ECONOMY

Greek lenders’ profile is solid, says DBRS

Greek lenders’ profile is solid, says DBRS

Greek banks’ profile is solid, their capital base and the quality of their assets improved, while their revenue growth is up significantly, DBRS Morningstar said in a report on the country’s four systemic banks (Alpha, Eurobank, National and Piraeus).

The credit rating agency said that Greek banks reported an aggregate net profit of 3.7 billion euros in 2022 which compares to a net loss of €4.7 billion in 2021.

Revenues in 2022 reflected improvements in all streams, including net interest income (NII), net fees, and other income.

Cost management remained sound despite inflationary pressures.

Loan loss provisions and cost of risk were down markedly in 2022, and asset quality improved further in the year, driven by de-risking, low new nonperforming exposure (NPE) inflows and higher new loans.

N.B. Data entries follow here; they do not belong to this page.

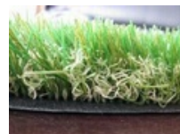
CESPED ARTIFICIAL RIZADO 40MM BICOLOR "GRAN HERMANO 11"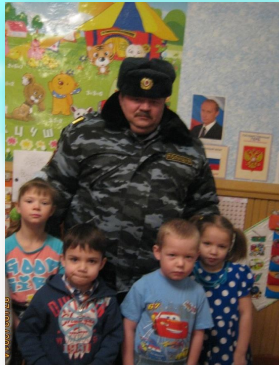
Встреча сотрудника с воспитанниками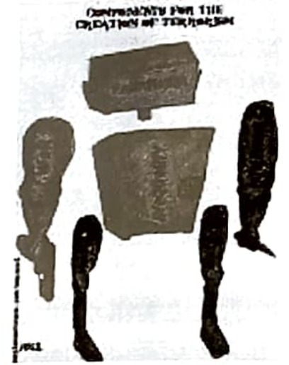
সন্ন্যাসবাদ সৃষ্টিৰ উপাদানসমূহ

সুপ্ত হৈ থকা ক্ষোভ আৰু সংঘাতৰ কাৰণসমূহ আলোচনা

Their ample, growing and mostly granular deposit bases provide Greek banks with a rather stable, albeit moderately diversified, funding mix.

Liquidity was sound and capitalization improved after the previous impact of de-risking, DBRS said.

“2022 results benefited from higher revenues, lower operating expenses and reduced credit costs. The faster repricing of loans than deposits has contributed to increase NII to date; however, we expect this to reduce due to higher funding costs,” said Andrea Costanzo, vice president from the DBRS Morningstar Global Financial Institutions team.